[Available data — start]

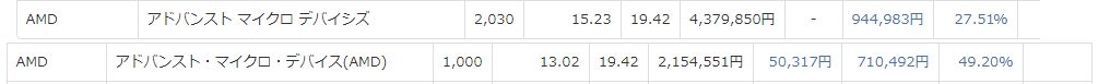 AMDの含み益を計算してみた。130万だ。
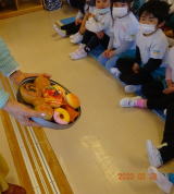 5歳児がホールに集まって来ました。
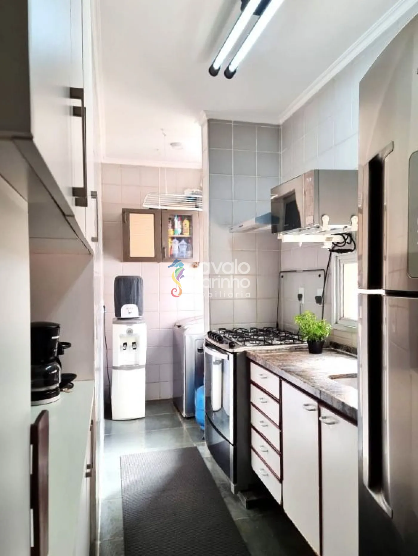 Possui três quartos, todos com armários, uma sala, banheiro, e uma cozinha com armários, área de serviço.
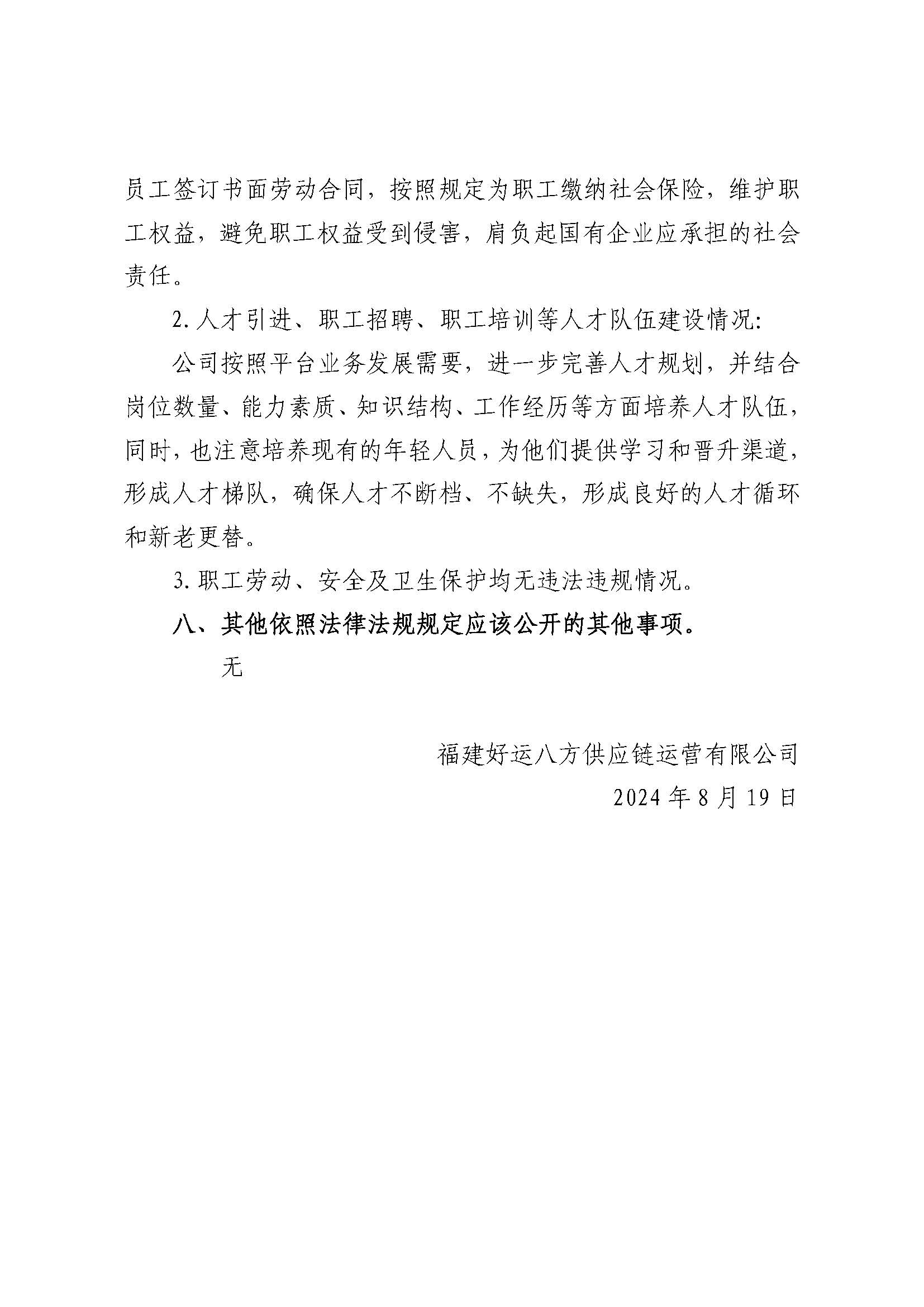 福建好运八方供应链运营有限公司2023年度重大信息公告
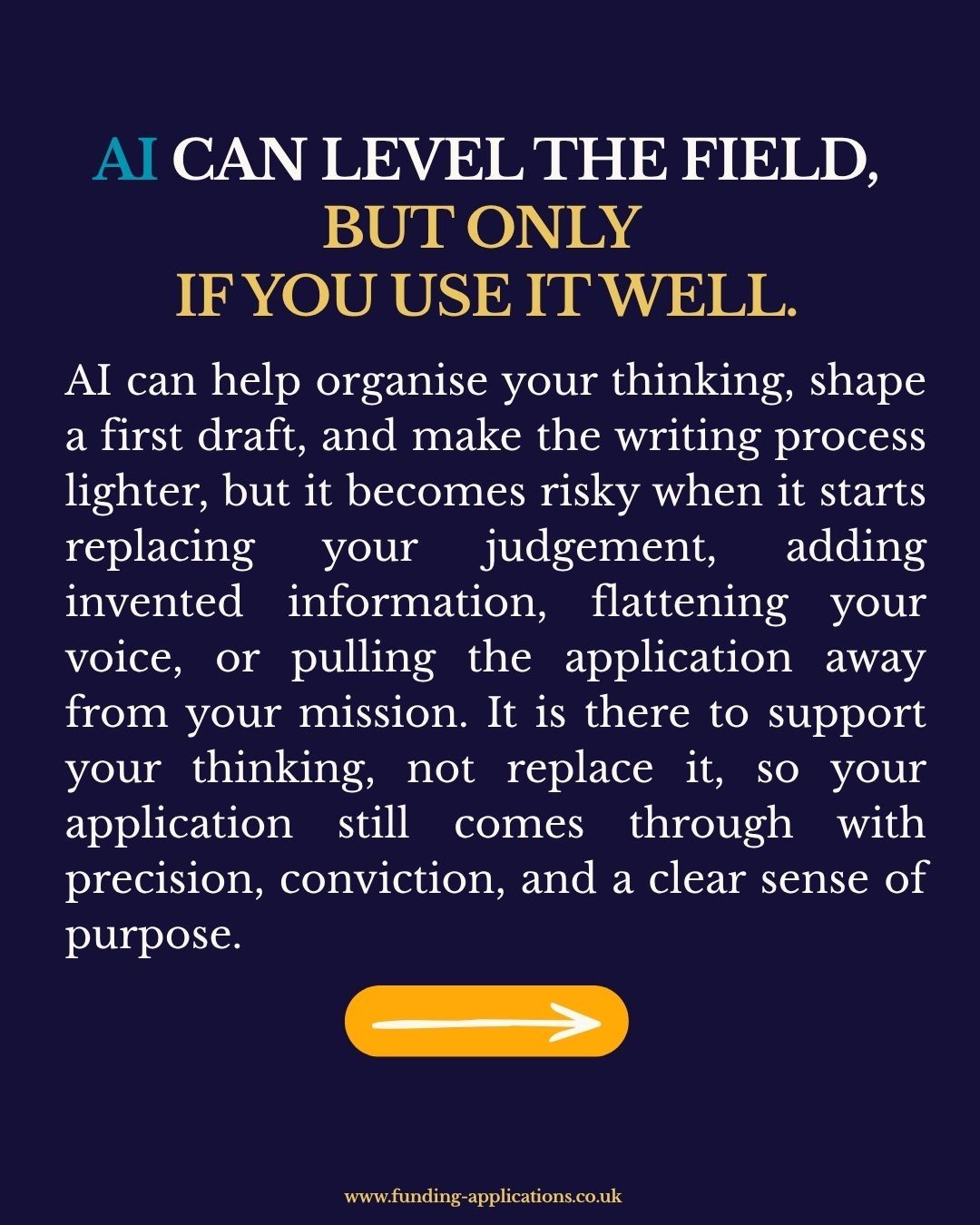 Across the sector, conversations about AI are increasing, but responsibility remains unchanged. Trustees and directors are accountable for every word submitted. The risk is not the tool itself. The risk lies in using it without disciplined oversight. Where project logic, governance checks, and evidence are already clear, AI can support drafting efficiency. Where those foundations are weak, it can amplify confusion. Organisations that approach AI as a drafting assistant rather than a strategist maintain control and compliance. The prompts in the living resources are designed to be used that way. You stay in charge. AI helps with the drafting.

[Available data — finish]
[Available data — start]

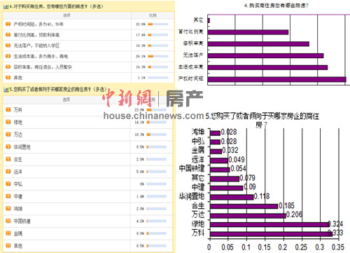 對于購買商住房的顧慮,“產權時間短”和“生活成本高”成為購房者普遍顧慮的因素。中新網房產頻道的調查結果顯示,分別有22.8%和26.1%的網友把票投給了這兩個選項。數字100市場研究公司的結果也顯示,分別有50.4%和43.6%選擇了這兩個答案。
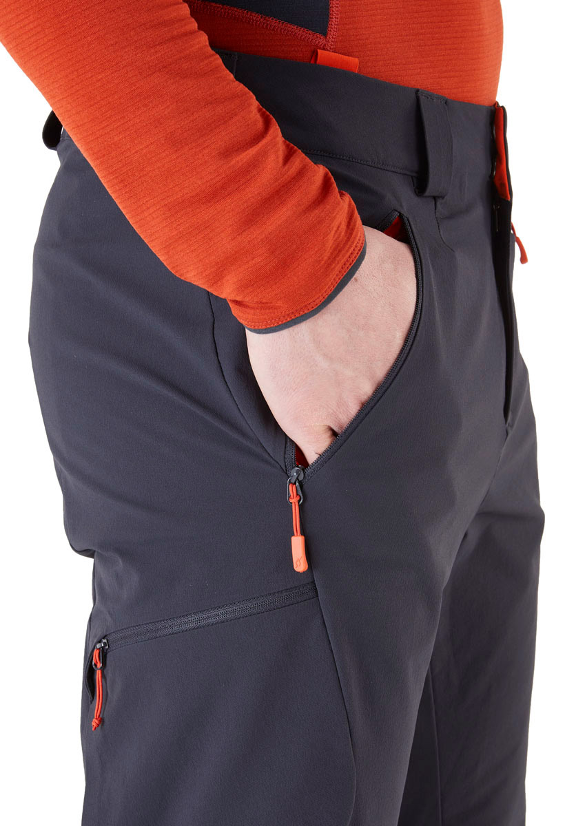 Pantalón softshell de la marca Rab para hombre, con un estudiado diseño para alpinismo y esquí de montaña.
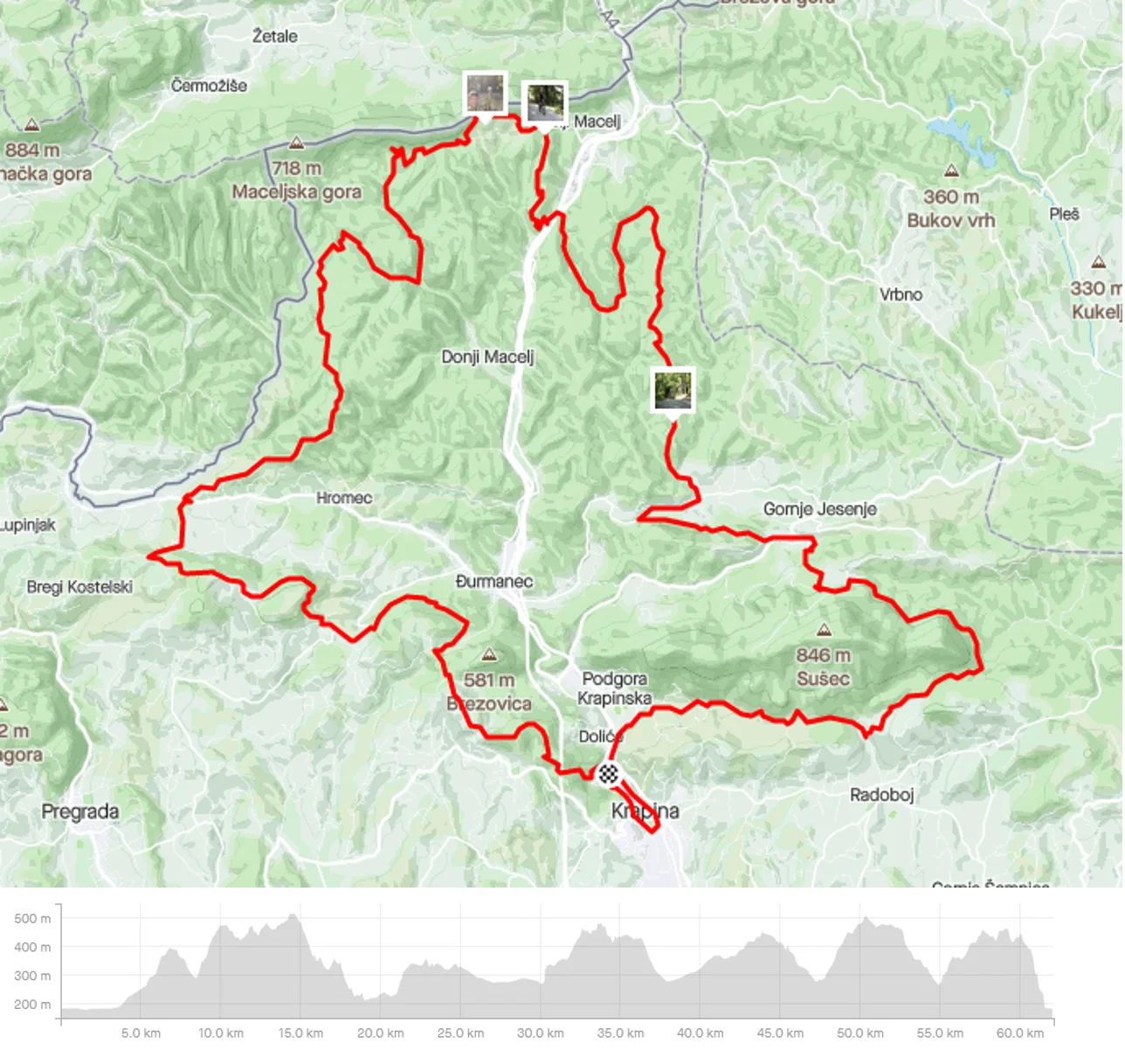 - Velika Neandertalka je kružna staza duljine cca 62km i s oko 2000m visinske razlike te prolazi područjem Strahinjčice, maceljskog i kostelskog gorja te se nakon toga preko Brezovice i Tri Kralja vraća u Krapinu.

[Available data — finish]

Task objective
Range to copy from the records above: the line containing "AMDの含み益を計算してみた。130万だ。" to the line containing "福建好运八方供应链运营有限公司2023年度重大信息公告", both included. Output those lines exactly and only those, skipping pictures.

Result
 AMDの含み益を計算してみた。130万だ。
 5歳児がホールに集まって来ました。
 Possui três quartos, todos com armários, uma sala, banheiro, e uma cozinha com armários, área de serviço.
 福建好运八方供应链运营有限公司2023年度重大信息公告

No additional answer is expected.